De la Misa a la Eucaristía
Los que peinamos canas aún recordamos aquellas palabras del catecismo, al enseñarnos el primer mandamiento de la Iglesia: “Oír Misa entera todos los domingos y fiestas de guardar”. Efectivamente, el sacerdote “decía” misa y los fieles "oían” misa.
Porque, hasta el Concilio, los fieles asistían a la Misa de una forma pasiva: se limitaban a estar y oír. Oír, sí, pero sin entender. Porque la Misa se decía en latín. La gente no entendía prácticamente nada; ni las oraciones, ni las lecturas, ni los saludos. Tampoco entendían mucho de los ritos. El sacerdote, de espaldas a la asamblea, deambulaba de un lado al otro del altar y practicaba los ritos prescritos por la liturgia. Los asistentes ni los veían ni los entendían.
¿Qué hacían pues los fieles? En el mejor de los casos practicaban sus devociones; hacían novenas, rezaban el rosario o leían piadosamente las oraciones que ofrecían los devocionarios al uso. Eso sí, en el momento de la consagración el monaguillo tocaba la campanilla para advertir a los fieles de que había llegado el momento más importante de la misa.

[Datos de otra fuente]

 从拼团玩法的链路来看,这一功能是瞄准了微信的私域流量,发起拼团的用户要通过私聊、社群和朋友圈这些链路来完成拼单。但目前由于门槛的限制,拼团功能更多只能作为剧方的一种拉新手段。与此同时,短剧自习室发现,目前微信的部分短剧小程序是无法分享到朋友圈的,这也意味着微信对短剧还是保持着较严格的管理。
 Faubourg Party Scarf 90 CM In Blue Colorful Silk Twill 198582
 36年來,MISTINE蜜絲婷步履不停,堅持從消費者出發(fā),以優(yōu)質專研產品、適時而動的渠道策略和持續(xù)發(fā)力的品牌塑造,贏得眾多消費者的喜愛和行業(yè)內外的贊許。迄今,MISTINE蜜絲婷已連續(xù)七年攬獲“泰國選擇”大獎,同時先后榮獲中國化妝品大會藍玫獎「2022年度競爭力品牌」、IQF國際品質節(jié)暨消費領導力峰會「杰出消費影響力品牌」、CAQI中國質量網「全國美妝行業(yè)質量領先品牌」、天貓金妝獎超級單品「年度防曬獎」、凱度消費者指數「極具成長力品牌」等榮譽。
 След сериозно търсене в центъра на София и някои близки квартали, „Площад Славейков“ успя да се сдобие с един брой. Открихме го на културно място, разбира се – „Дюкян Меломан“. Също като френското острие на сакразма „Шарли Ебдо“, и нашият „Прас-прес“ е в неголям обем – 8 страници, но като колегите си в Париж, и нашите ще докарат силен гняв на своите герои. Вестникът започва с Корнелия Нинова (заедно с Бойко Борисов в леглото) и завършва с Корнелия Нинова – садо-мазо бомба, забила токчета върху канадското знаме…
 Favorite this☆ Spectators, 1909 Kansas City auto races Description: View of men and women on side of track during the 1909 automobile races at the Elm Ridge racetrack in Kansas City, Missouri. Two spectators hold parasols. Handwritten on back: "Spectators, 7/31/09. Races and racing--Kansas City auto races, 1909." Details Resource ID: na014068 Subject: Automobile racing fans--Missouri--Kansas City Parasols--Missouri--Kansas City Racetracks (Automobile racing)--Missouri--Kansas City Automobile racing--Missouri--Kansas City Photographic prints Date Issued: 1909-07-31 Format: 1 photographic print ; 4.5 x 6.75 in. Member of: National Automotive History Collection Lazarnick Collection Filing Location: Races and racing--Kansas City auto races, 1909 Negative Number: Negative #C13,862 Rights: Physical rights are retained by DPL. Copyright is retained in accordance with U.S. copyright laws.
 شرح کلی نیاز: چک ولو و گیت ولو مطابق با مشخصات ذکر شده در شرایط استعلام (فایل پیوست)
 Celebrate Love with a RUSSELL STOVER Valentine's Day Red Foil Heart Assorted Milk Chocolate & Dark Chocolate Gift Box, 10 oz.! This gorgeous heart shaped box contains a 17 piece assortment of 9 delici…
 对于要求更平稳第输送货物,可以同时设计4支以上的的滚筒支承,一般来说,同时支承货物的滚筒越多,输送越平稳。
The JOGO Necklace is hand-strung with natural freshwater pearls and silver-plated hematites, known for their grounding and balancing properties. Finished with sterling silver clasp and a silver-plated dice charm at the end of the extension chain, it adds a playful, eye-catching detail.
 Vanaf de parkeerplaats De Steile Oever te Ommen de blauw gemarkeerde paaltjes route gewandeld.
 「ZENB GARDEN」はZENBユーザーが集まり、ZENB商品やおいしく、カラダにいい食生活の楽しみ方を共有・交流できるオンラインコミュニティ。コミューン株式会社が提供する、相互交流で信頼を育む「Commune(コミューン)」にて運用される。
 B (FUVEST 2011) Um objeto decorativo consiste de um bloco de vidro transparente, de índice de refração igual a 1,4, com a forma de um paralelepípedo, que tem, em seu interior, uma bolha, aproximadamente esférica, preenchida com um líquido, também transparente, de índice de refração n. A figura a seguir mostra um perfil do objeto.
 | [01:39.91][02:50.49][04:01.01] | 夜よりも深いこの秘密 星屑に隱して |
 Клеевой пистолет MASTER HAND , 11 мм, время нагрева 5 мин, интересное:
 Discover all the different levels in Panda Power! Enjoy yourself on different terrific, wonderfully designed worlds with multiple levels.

La Comunión no se distribuía en la mayor parte de las Misas. Esto se hacía al final de la Misa, invitando a los fieles a pasar por la Capilla del Santisimo; allí se les ofrecía la Comunión.
Después de la reforma litúrgica conciliar hemos recuperado el nombre original de la “Eucaristía” y hablamos de “celebración”. Se han introducido las lenguas vivas para que la gente pueda entender. El sacerdote da la cara a la asamblea y celebra desde el altar mirando al pueblo. La lectura de la Palabra de Dios se ha enriquecido notablemente y los sacerdotes disponen de un momento para dirigirse a la gente y ayudarles a entender mejor el mensaje del evangelio.